Max Weber wrote about how the density and scale of cities produces a cosmopolitanism that redefines what human interchange can be. Georg Simmel identified cities as possessing a unique capability for creativity thanks to the anonymity that they offer. Freed from the restricting gaze of tradition one is subject to in a village, anonymous people are free to think, act, and interact creatively and innovatively. Robert Park offered us the wonderful formulation that the role of the city is to facilitate the moral range of deviant behaviour.

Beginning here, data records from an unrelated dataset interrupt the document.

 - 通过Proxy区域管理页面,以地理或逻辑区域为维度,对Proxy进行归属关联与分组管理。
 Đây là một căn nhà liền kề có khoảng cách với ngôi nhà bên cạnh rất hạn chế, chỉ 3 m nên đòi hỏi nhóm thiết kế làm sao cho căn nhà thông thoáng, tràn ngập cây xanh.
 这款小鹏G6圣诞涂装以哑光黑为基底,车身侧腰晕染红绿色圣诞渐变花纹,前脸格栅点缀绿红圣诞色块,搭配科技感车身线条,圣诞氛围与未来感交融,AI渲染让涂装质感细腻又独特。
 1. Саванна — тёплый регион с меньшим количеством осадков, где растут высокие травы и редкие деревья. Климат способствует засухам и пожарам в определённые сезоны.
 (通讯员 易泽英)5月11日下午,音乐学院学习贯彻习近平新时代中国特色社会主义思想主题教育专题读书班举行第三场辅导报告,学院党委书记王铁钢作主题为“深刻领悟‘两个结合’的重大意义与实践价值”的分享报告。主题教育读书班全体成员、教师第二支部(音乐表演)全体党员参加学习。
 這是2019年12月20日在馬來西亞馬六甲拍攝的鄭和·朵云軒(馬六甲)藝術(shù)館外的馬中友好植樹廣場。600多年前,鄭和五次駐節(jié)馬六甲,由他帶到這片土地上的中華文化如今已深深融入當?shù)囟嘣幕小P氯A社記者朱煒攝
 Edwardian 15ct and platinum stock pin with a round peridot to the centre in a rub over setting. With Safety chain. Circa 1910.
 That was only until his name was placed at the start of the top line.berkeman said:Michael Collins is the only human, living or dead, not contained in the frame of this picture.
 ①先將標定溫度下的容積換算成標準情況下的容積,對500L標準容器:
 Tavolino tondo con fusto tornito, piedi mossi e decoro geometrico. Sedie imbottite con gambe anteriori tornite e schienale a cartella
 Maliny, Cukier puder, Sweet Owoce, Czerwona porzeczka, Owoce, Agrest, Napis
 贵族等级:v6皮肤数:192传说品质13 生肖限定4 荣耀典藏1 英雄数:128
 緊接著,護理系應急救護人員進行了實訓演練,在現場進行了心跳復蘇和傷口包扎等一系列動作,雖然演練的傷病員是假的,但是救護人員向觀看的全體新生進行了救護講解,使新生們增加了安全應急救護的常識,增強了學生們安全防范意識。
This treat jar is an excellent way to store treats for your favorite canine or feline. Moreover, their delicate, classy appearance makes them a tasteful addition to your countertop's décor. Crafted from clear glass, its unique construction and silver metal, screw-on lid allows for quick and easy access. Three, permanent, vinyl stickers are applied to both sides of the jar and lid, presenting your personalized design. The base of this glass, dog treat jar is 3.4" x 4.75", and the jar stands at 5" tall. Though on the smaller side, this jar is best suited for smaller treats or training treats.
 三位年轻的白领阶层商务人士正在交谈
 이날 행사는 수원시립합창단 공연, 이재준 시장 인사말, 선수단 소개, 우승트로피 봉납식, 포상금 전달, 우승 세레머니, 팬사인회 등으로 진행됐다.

More recently, Jeb Brugmann, in his book Welcome to the Urban Revolution, writes in the same vein as these early thinkers to assert there is empirical data backing the claim that cities are uniquely creative, for the world over they produce a percentage of GDP that is a multiple of the percentage of the population they constitute. The urban condition offers opportunities to leverage economies of scale (there are more people to connect with), economies of density (they are closer at hand), economies of association (scale and density facilitate collaboration), and economies of extension (scale, density, and association empower connection with economies beyond the city). Brugmann argues that people leverage these economies in a multiplicity of ways, and the goal of urban planning and management should be to facilitate this and iron out clashes between the multiplicities rather than subjecting the city to the one-size-fits-all approach of a detailed master plan.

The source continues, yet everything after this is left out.